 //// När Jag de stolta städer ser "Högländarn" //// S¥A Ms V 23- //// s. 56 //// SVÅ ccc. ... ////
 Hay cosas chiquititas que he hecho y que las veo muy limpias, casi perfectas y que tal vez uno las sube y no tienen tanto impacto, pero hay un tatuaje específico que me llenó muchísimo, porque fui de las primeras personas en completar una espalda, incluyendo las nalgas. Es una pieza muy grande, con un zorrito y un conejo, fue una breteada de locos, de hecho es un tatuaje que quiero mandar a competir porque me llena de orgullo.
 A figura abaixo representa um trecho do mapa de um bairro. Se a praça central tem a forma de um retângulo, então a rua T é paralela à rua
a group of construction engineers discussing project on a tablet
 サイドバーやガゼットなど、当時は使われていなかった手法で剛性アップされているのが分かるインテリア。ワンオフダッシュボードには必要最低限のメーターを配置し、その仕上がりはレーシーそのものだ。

□ □ □ □ □ □ □

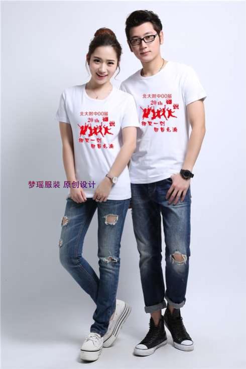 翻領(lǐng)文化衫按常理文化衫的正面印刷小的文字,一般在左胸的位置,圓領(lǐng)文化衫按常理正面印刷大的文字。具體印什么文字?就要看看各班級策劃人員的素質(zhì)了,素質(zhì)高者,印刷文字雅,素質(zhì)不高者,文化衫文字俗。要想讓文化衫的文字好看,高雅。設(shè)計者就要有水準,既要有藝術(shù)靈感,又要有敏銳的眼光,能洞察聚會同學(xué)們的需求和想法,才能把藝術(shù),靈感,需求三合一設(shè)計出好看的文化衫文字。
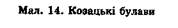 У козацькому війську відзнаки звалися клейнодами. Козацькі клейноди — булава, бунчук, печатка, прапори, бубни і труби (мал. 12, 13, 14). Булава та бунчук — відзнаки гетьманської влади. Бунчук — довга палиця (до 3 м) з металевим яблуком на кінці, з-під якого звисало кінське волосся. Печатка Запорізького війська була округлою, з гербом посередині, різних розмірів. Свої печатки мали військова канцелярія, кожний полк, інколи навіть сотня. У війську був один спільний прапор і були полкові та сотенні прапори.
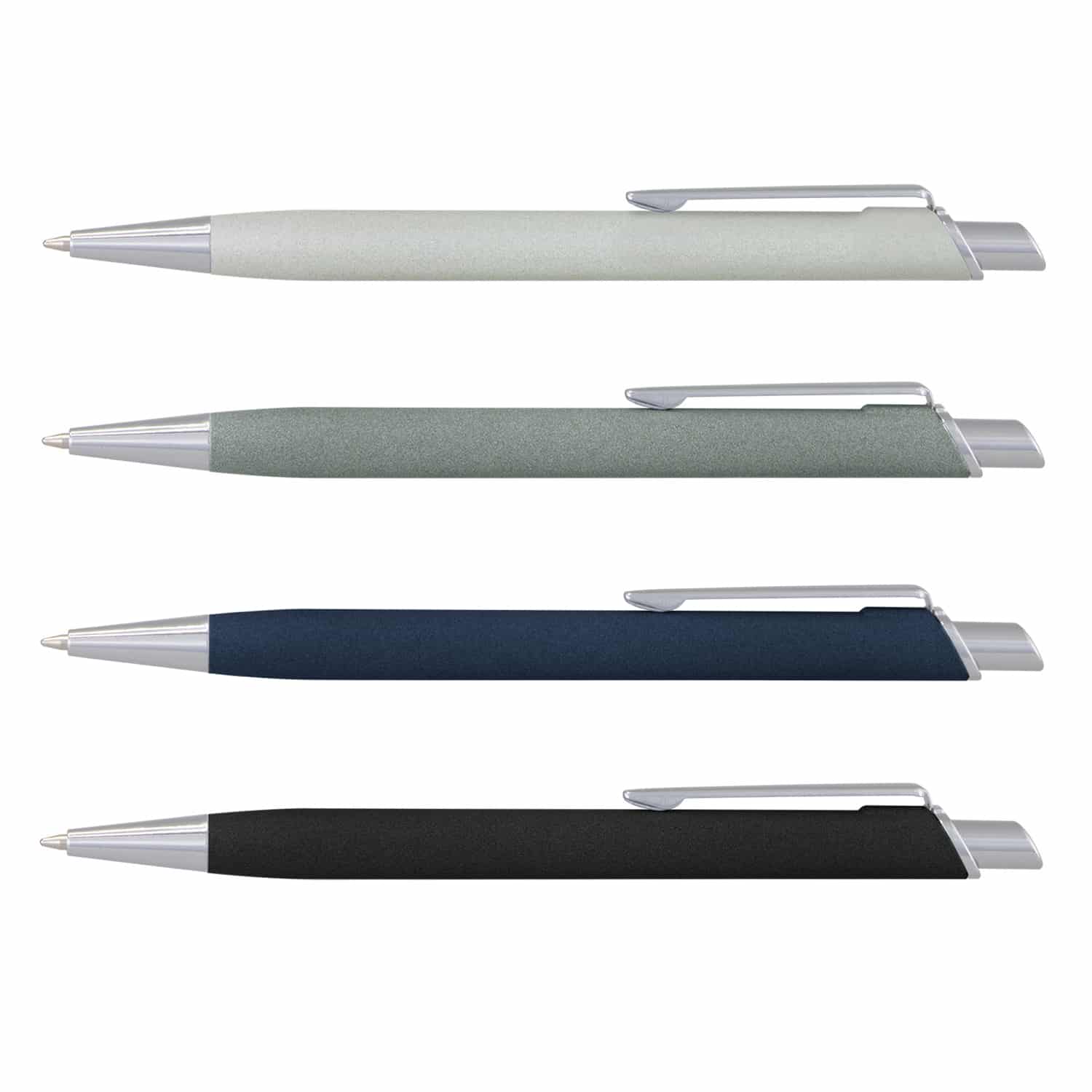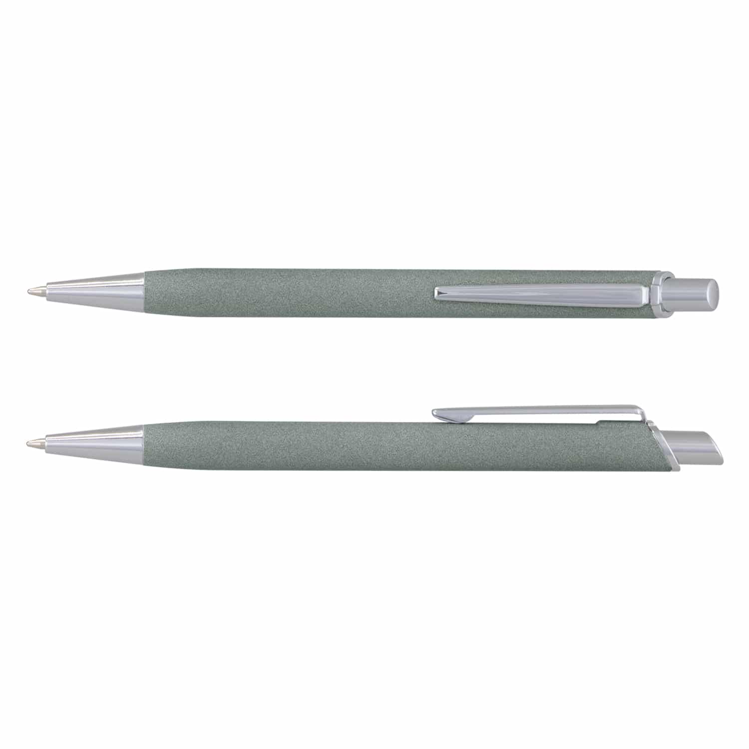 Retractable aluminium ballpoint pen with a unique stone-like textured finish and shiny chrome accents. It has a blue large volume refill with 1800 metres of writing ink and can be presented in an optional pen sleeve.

□ □ □ □ □ □ □

EXERCISE GOAL:
Above are the lines; repeat exactly the ones from the line containing "a group of construction" down to the line containing "サイドバーやガゼットなど、当", both inclusive.

YOUR RESPONSE:
a group of construction engineers discussing project on a tablet
 サイドバーやガゼットなど、当時は使われていなかった手法で剛性アップされているのが分かるインテリア。ワンオフダッシュボードには必要最低限のメーターを配置し、その仕上がりはレーシーそのものだ。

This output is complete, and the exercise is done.